There are complex reasons why the pro-democracy demonstrations in Hong Kong have not provoked a Tienanmen type response from Beijing.
Perhaps the most important of them are (1) Hong Kong’s important role in facilitating official corruption in China; and (2) The possibility that harsh action could cascade into a tidal wave of protests on the mainland and bring to the fore the serious rifts that exist within the political elite.
The role of a laissez faire Hong Kong in laundering the money of corrupt Chinese officials was Margaret Thatcher’s primary – if undeclared – argument for the “one country two systems” arrangement under which Britain transferred control of the city to Beijing in 1997.
The city has also been the conduit of major flows of laundered money from other parts of the world into the Chinese economy, a key factor in its so-called miraculous growth over the last two decades. Investments have accounted for more than 50 per cent of China’s GDP growth in recent years, a proportion unprecedented in history.

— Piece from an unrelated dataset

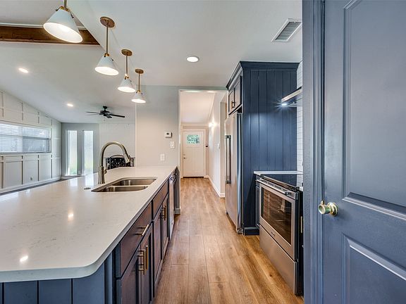 For Lease in Northwest Dallas. Three bedrooms, two full bathrooms, two car garage, fenced backyard. Kitchen and baths were updated in 2020 with modern touches. Primary bedroom has walk-in closet and ensuite bath with double sinks, a glass and tile shower, and full size washer, dryer utility closet. Second bath features a tub, shower combo. White blinds throughout the home feel bright and crisp. Kitchen offers Maytag stainless steel appliances, white quartz countertops, pendant lighting, recessed lighting. Range is electric. Living and dining areas combine to offer flexibility. Brick fireplace. 2025-09-19

At a time when the Chinese banking sector is on the verge of collapse because so much of it is a vehicle for corruption and a long-running real estate bubble seems headed into what could be a precipitous bust, Beijing dare not send out the tanks in Hong Kong.

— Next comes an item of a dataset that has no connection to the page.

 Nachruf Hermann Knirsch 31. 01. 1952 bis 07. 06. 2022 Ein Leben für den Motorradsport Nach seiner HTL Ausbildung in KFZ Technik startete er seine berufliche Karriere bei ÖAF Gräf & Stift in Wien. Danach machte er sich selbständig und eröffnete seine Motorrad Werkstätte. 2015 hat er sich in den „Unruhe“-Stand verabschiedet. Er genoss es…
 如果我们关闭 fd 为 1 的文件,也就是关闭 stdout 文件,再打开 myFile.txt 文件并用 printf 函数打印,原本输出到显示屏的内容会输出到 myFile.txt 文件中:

It could upset the larger apple carts of international corruption on which the regime depends for security and sustenance.
This explains why Beijing has been reduced to mobilizing a goonda army ostensibly in the pay of Hong Kong retailers irate at losing business.
Whether that will succeed in dealing with the problems remains to be seen.
The protesters include thousands of people employed in Hong Kong’s money-laundering industry, and they could wreak major economic havoc, setting off a larger political unwinding.
The next few weeks could be crucial to the future of China – and the world.